< 1 Kronieken 14 >

1 Chirom, de koning van Tyrus, zond gezanten tot David; ook cederhout, timmerlieden en steenhouwers, om voor hem een paleis te bouwen.
One day Hiram, the king of Tyre [city], sent some messengers to David [to talk about making an agreement between their countries]. Then Hiram sent cedar logs, bricklayers, and carpenters to build a palace for David.
2 Zo begreep David, dat Jahweh hem tot koning van Israël had bevestigd, en dat Hij zijn koningschap verheven had terwille van zijn volk Israël.
[When that happened, ] David knew that Yahweh had truly caused him to be the king of Israel, and that he had caused his kingdom to be greatly respected. Yahweh did this because [he loved] his Israeli people.
3 Ook te Jerusalem nam David nog vrouwen, en kreeg hij nog meer zonen en dochters.
David married more women in Jerusalem, and [those women] gave birth to more sons and daughters for him.
4 Hier volgen de namen van hen, die hem te Jerusalem geboren werden: Sjammóea, Sjobab, Natan, Salomon,
The names of the children that were born to him there in Jerusalem are Shammua, Shobab, Nathan, Solomon,
5 Jibchar, Elisjóea, Elpélet,
Ibhar, Elishua, Elpelet,
6 Nóga, Néfeg, Jafia,
Nogah, Nepheg, Japhia,
7 Elisjama, Beëljada en Elifélet.
Elishama, Beeliada, and Eliphelet.
8 Maar toen de Filistijnen vernamen, dat men David tot koning van heel Israël had gezalfd, trokken alle Filistijnen op, om zich van David meester te maken. Bij het vernemen hiervan ging David hun tegemoet.
When the army of Philistia heard that David has been appointed to be king of all of Israel, they came to capture him.
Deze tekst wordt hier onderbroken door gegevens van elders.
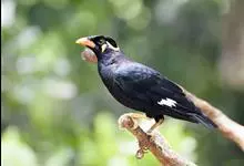 金冠树八哥为椋鸟科树八哥属的鸟类。体长约23厘米,闪辉黑色。特征为具翼斑及颏黄色,脸颊裸露皮肤粉黄色。分布于印度、缅甸、泰国以及中国大陆的云南、广东等地。…全部>>

But David heard that they were coming, so he [and his soldiers] marched out to fight against them.
9 Toen de Filistijnen gekomen waren en zich over het dal der Refaïeten verspreid hadden,
The army of Philistia had attacked the people in the Rephaim Valley [southwest of Jerusalem] and had robbed them.
10 vroeg David aan God: Moet ik oprukken tegen de Filistijnen; zult Gij ze aan mij overleveren? Jahweh antwoordde: Trek op; want Ik lever ze aan u over.
David asked God, “Should [my men and] I go and attack the army of Philistia? [If we go, ] will you enable us to defeat [IDM] them?” Yahweh replied, “Yes, go, and I will enable you to defeat [IDM] them.”
11 Zo kwam David bij Báal-Perasim; hij versloeg ze daar, en zeide: Zoals water door een dam breekt, zo heeft God mij door mijn vijanden heen laten breken! Vandaar dat die plaats Báal-Perasim heet.
So David and his men went up to a town where the soldiers of Philistia were staying and defeated them. Then David said, “God has enabled me [and my soldiers] to overwhelm my enemies like [MET] a flood.” So they named that place {That place is called} ‘Baal-Perazim’ [which means ‘Yahweh breaks through’].
12 Ze lieten daar hun goden achter, die op bevel van David verbrand werden.
[As the soldiers of Philistia fled], they left their idols there. So David commanded his soldiers to burn those idols.
13 Toen de Filistijnen zich andermaal over het dal der Refaïeten hadden verspreid,
But soon the army of Philistia attacked the people in that valley again.
14 raadpleegde David God opnieuw. God antwoordde: Val niet aan, maar maak een omtrekkende beweging naar hun achterhoede, en ga op hen af van de kant der balsemstruiken.
So again David prayed to God [to ask him what he should do], and God replied, saying “Do not attack the army of Philistia from the front. Instead, go around them, and attack them [from the rear] in front of the balsam trees.
15 Als ge in de toppen der balsemstruiken het geruis van schreden verneemt, maak u dan gereed; want dan gaat God u vóór, om het leger der Filistijnen te verslaan.
When you hear something in the tops of the balsam trees that sounds like [soldiers] marching, attack them. I, God, will have gone ahead of you to enable you to defeat the army of Philistia.”
16 David deed juist zoals God het hem bevolen had, en het leger der Filistijnen werd verslagen van Gibon tot Gézer.
So David did what God commanded him to do, and he and his army defeated the army of Philistia, all the way from Gibeon [city in the east] to Gezer [city in the west].
17 Vandaar dat de naam van David in alle landen bekend werd, en door de hulp van Jahweh alle volken ontzag voor hem kregen.
So David became famous in all the nearby countries, and Yahweh caused [the leaders of] all the [nearby] nations to be afraid of him.